Obama's spending is also at historic highs. But there's "spending" and there's "spending." Governments, just as households, face two kinds of spending decisions: discretionary spending and capital-investment spending.

Discretionary spending satisfies the "I may not need it but I want it” reflex. Capital spending is money invested in things that promise to generate a return over time. Home improvements, are good example of household capital spending as they increase the value of a family's main asset, their home. That big screen TV, on the other hand, is discretionary spending.

The Bushies did very little capital investing and a whole lot of discretionary spending. For example:

Obama  is investing in education, because it's going to be educated, uneducated or mis-educated, children who will shape America's future. And  right now our schools are turning out an demonstrably inferior product.

Obama is investing in emerging technologies that hold the promise that someday will free us from the nut-hold of those smarmy phony Saudi "Princes." And, will begin the process of cleaning up the environment, before the environment decides to do the job herself  -- by getting rid of us.

Obama is restructuring the tax code, so that those who actually go to work, and actually provide services or real producing stuff real people really need, get to keep more of what they make.

That's the opposite of what the Bush administration did when they funneled tax breaks to those who already were doing just fine, thank you very much, while producing little more than paper, much of which has turned out to be so worthless you can't even pay anyone to take off our hands.

I won't belabor the point.
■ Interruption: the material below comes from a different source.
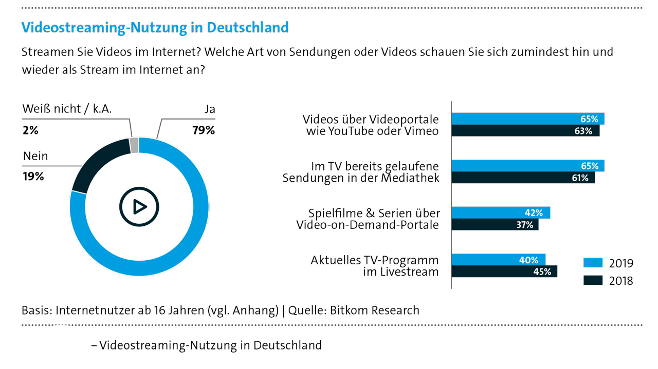 Die Mehrzahl der haushalte stremt bereits Videos, wobei YouTube & Co. noch immer die größte Bedeutung hat.

But for the WSJ editors to posit that voters will soon be aghast at the cost of Obama's policies, couldn't go unnoticed. Because they sure didn't notice the ruinousness policies of the Bush administration when they could have, and when they should have.

And finally, of all people on earth who should know the difference between out of control discretionary spending, and wise capital spending, it should be the guys and gals running the newspaper a friend of mine refers to as "capitalism's racing form."  

But of course, the do know the difference. But they are to mainstream American politics what the Taliban are to mainstream Islam: not just wrong, but crazy-wrong.